#### [Data shown]
*** Block opens ***
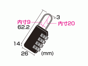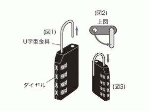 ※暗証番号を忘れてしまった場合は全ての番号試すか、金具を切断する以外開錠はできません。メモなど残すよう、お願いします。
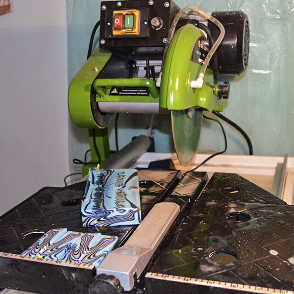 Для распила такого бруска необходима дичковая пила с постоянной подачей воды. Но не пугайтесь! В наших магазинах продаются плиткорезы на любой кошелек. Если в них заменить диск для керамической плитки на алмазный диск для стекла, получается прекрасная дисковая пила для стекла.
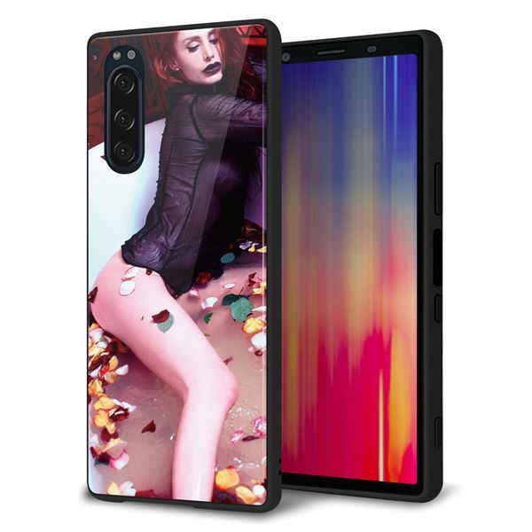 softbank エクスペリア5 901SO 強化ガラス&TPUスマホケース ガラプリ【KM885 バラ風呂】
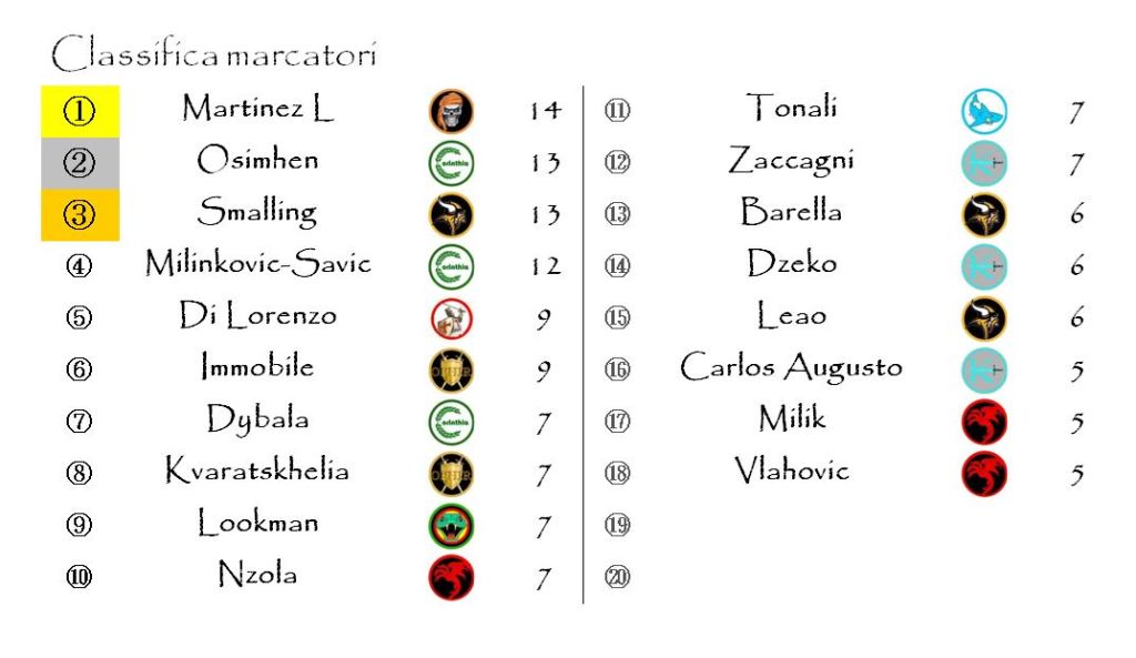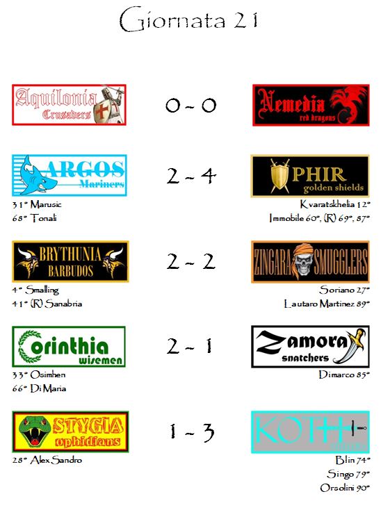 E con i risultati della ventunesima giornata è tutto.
*** Block closes ***
*** Block opens ***
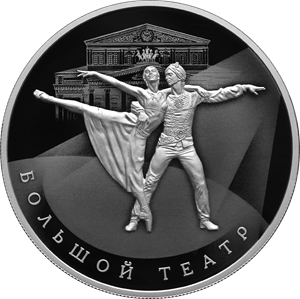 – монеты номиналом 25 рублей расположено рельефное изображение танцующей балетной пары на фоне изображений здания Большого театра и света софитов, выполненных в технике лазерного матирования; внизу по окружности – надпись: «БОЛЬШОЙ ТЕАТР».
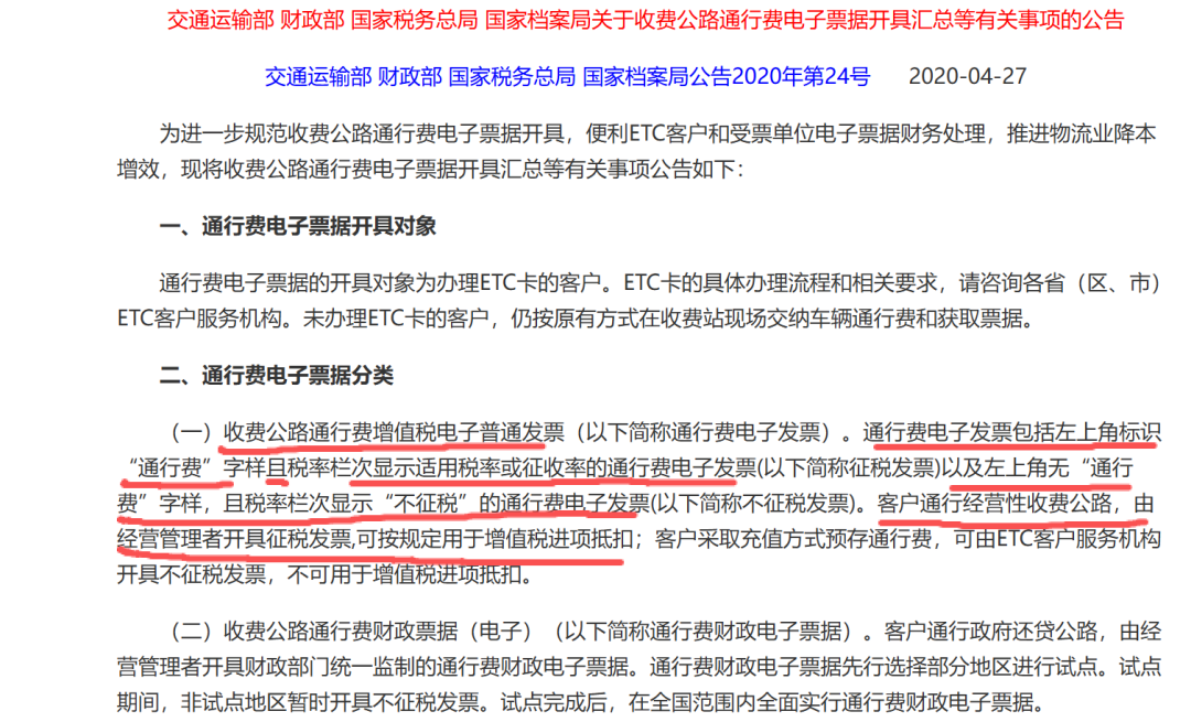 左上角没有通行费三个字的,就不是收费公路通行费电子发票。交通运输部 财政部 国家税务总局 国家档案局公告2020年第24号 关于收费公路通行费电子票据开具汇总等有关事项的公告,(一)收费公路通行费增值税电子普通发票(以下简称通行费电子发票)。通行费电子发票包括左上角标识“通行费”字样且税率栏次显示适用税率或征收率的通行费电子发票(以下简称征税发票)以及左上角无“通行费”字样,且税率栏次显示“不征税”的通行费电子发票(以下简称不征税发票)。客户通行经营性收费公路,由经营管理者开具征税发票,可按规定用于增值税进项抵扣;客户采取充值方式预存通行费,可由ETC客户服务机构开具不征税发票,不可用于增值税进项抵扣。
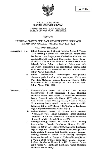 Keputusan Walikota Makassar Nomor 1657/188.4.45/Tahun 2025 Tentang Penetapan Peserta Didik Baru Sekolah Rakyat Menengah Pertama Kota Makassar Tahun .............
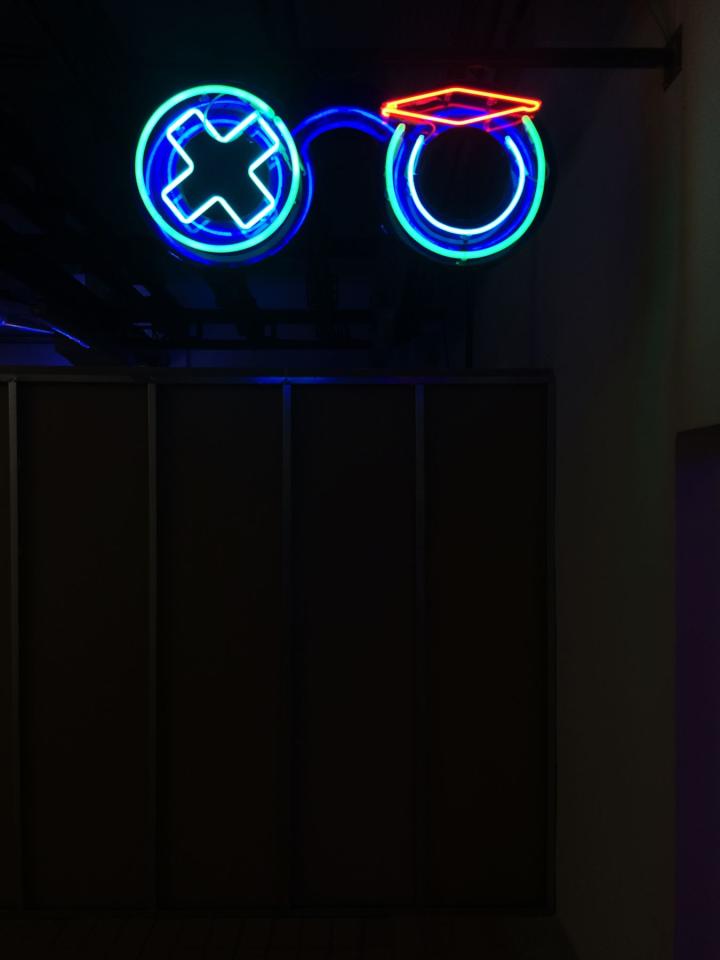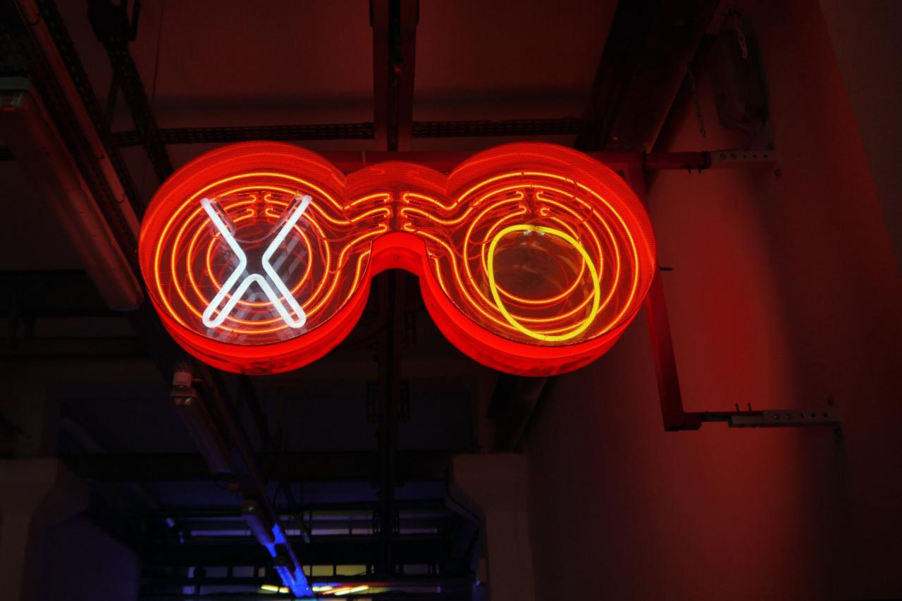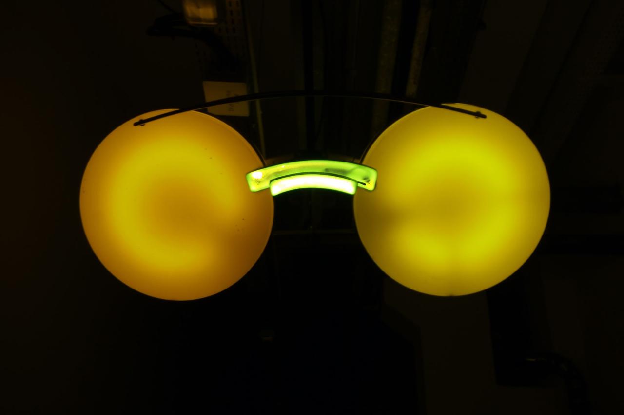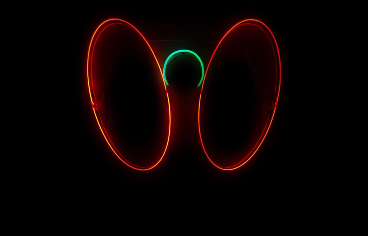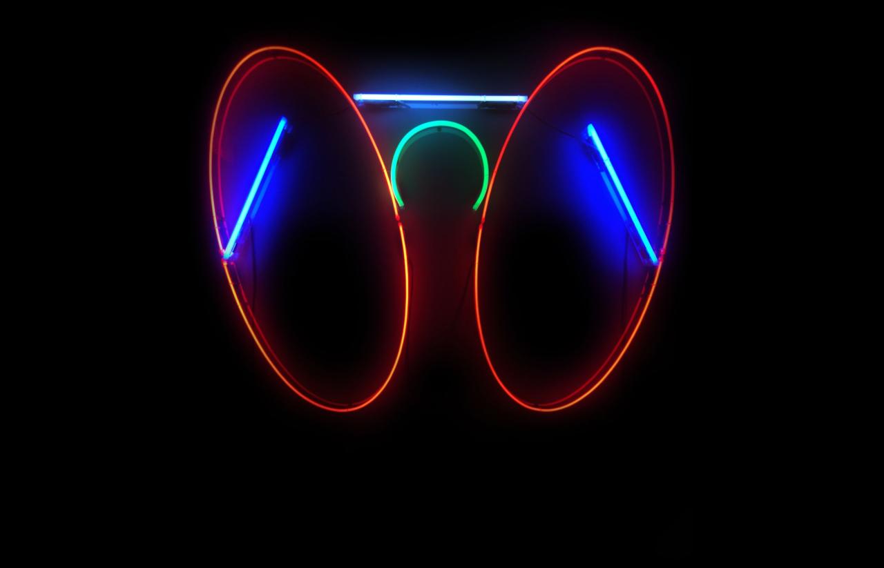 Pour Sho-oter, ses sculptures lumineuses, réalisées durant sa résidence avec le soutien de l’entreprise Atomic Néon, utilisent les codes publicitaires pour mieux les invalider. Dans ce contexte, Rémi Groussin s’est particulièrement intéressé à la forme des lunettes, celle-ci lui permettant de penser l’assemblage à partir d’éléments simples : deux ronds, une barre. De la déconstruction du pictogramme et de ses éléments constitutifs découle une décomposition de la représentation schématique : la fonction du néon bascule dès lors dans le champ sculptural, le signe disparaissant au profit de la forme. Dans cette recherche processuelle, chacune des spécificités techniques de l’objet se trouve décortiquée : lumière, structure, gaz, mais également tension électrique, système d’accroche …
*** Block closes ***
#### [Exercise directions]
Working from the entries above, reproduce exactly and only the lines beginning with the line that has "左上角没有通行费三个字的,就不是收费公路通行费电子发票。交通运输部 财政部 国家税务总局" and ending with the line that has "Pour Sho-oter, ses"; omit all pictures.

#### [Reply to the exercise]
 左上角没有通行费三个字的,就不是收费公路通行费电子发票。交通运输部 财政部 国家税务总局 国家档案局公告2020年第24号 关于收费公路通行费电子票据开具汇总等有关事项的公告,(一)收费公路通行费增值税电子普通发票(以下简称通行费电子发票)。通行费电子发票包括左上角标识“通行费”字样且税率栏次显示适用税率或征收率的通行费电子发票(以下简称征税发票)以及左上角无“通行费”字样,且税率栏次显示“不征税”的通行费电子发票(以下简称不征税发票)。客户通行经营性收费公路,由经营管理者开具征税发票,可按规定用于增值税进项抵扣;客户采取充值方式预存通行费,可由ETC客户服务机构开具不征税发票,不可用于增值税进项抵扣。
 Keputusan Walikota Makassar Nomor 1657/188.4.45/Tahun 2025 Tentang Penetapan Peserta Didik Baru Sekolah Rakyat Menengah Pertama Kota Makassar Tahun .............
 Pour Sho-oter, ses sculptures lumineuses, réalisées durant sa résidence avec le soutien de l’entreprise Atomic Néon, utilisent les codes publicitaires pour mieux les invalider. Dans ce contexte, Rémi Groussin s’est particulièrement intéressé à la forme des lunettes, celle-ci lui permettant de penser l’assemblage à partir d’éléments simples : deux ronds, une barre. De la déconstruction du pictogramme et de ses éléments constitutifs découle une décomposition de la représentation schématique : la fonction du néon bascule dès lors dans le champ sculptural, le signe disparaissant au profit de la forme. Dans cette recherche processuelle, chacune des spécificités techniques de l’objet se trouve décortiquée : lumière, structure, gaz, mais également tension électrique, système d’accroche …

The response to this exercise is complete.